Hello.
Basically I’m working with 2 matrixes. I copy them to Global Memory:
(Code of 1)
A_h = (float ) malloc(N * M * sizeof(float));
cudaMalloc((void **) &A_d, NM * sizeof(float)));
cudaMemcpy(A_d, A_h, N*M * sizeof(float), cudaMemcpyHostToDevice));
…kernel_call…
int gid = (blockIdx.x * blockDim.x + threadIdx.x);
if (gid < M){
for (i=0; i < N; i++){
…
A[i*M + gid] = 0.0f //For example
…
}
}
… kernel return…
cudaMemcpy(A_h, A_d, N*M * sizeof(float), cudaMemcpyDeviceToHost)
cudaFree(A_d);
free(A_h);
Well. When N and M=3000, this last cudaMemcpy fails. If I delete the matrix A instruction in the kernel, the program works correctly (I can copy the matrix A from device memory to host memory). What’s happening?

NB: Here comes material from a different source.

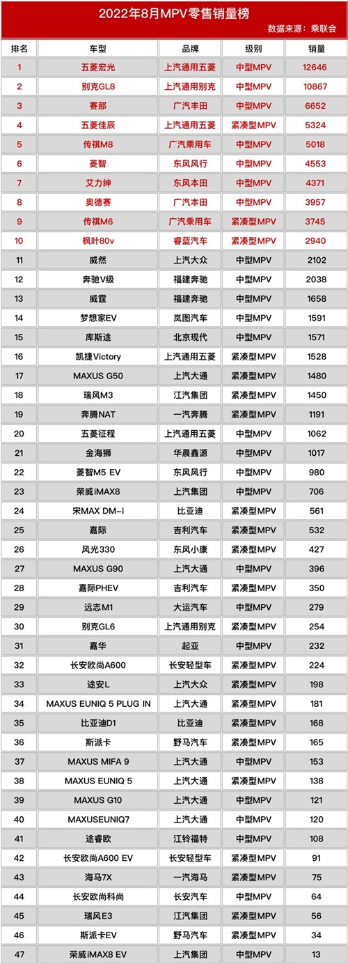纵观整个MPV市场,前三的排名保持不变,依旧是五菱宏光、别克GL8、丰田赛那。但五菱佳辰销量环比增长,取代传祺M8位居第四;传祺M8和M6分别排名第五和第九;艾力绅和奥德赛分别排名第七和第八;枫叶80V稳居第十。具体排名如下:

I don’t use shared memory, my device has 512 MB GDDR3 and 3000x3000*sizeof(float) * 2 matrixes = 69 MB! I have tried in a Tesla with 1.5GB and I have the same problem.
If N=M < 3000 I don’t have any problem. I check the result of my algorithm and it’s correct. I’ve tried with -deviceemu and everything works ok.
Of course, I’ve restarted the computer many times.
Any help?
Thank you so much.